Hydrocodone

Hydrocodone is a narcotic that is used to treat severe pain. Hydrocodone is only prescribed for persons who are likely to need medicine to alleviate severe pain 24 hours a day, seven days a week for an extended period of time and who are unable to be treated with other drugs or therapies. Extended-release (long-acting) hydrocodone capsules or extended-release tablets should not be used to relieve pain that can be managed with as-needed medicine. Hydrocodone belongs to the opiate (narcotic) analgesics family of drugs. It works by altering the brain’s and nervous system’s responses to pain.

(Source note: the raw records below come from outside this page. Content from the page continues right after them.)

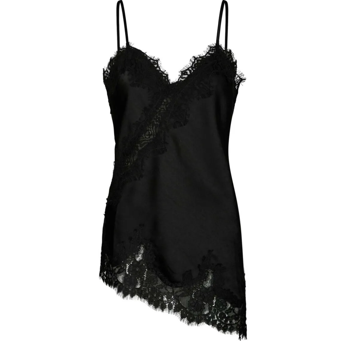 Denne feminine top kombinerer elegance og detalje med en asymmetrisk pasform og smukke blondeindslag, der skaber et let og sofistikeret udtryk. Toppen er fremstillet i en fin satin-kvalitet, som både føles luksuriøs og falder flot på kroppen. Perfekt til både hverdag og festlige lejligheder, hvor du ønsker et feminint touch. Materiale: 97% polyester, 3% elastan
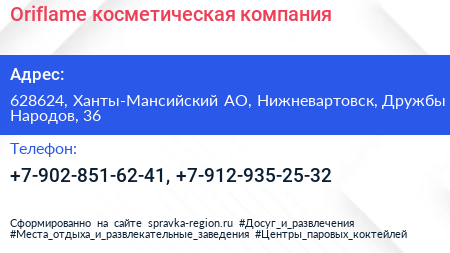Oriflame, косметическая компания по адресу 628624, Ханты-Мансийский АО, Нижневартовск, Дружбы Народов, 36 в дальнейшем Организация, размещена в следующих категориях:
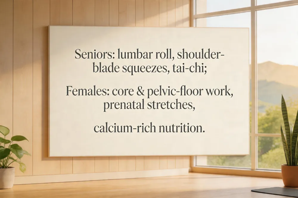 Female lower back pain treatment: Begin with gentle spinal adjustments to restore joint motion and reduce tension. Add core‑strengthening and pelvic‑floor exercises, especially during pregnancy or postpartum, and use heat or ice as needed. Include prenatal‑specific stretches, proper footwear, and nutrition rich in calcium and vitamin D to support bone health.
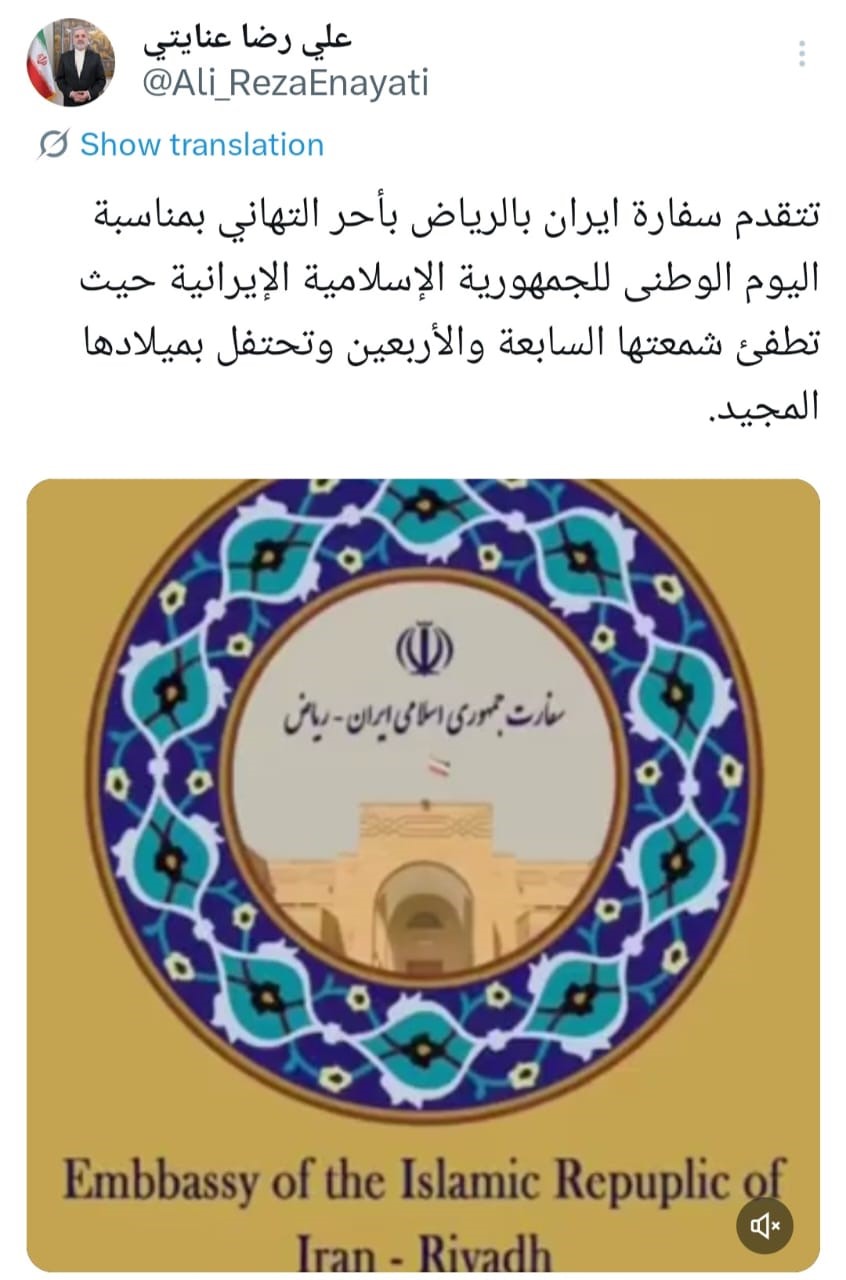 پیام سفیر جمهوری اسلامی ایران در عربستان بمناسبت فرارسیدن سالگرد پیروزی انقلاب اسلامی در شبکه ایکس
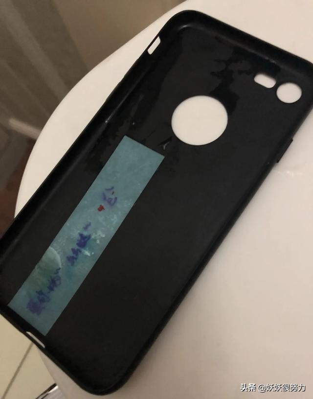 手机是黑色的。我拿下来之后发现里面还有个小纸条。纸条也被打湿了。上面写着:我爱你。么么哒。还有一个亲亲^3^表情。
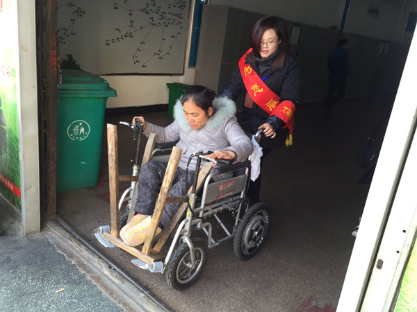 司機(jī)看見了,也過來(lái)搭把手,兩人一起把殘疾乘客子扶上了車。殘疾乘客坐到位置后,楊嬌妹熱心地幫她系好了安全帶。
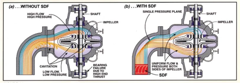 Custom installation of SDF on Elbow prior to pump resulted in triplihg life of pump to 18 months,

If you’re taking a hydrocodone combination medication, read the hydrocodone-combination monograph for information on all of the components and ask your doctor or pharmacist for more.

Hydrocodone, particularly when used for a long time, may become addictive. Follow the directions for taking hydrocodone strictly. Do not take more of it, take it more often, or take it in any other manner than your doctor has prescribed. Discuss your pain treatment objectives, duration of therapy, and alternative strategies to control your pain with your health care practitioner while taking hydrocodone. Tell your doctor if you or anyone in your family consumes or has consumed significant quantities of alcohol, uses or has used street drugs, has misused prescription medicines, has had an overdose, or has depression or another mental disorder. If you have or have previously had any of these illnesses, you are more likely to misuse hydrocodone. If you suspect you could develop an opioid addiction, go to your doctor right away and ask for advice.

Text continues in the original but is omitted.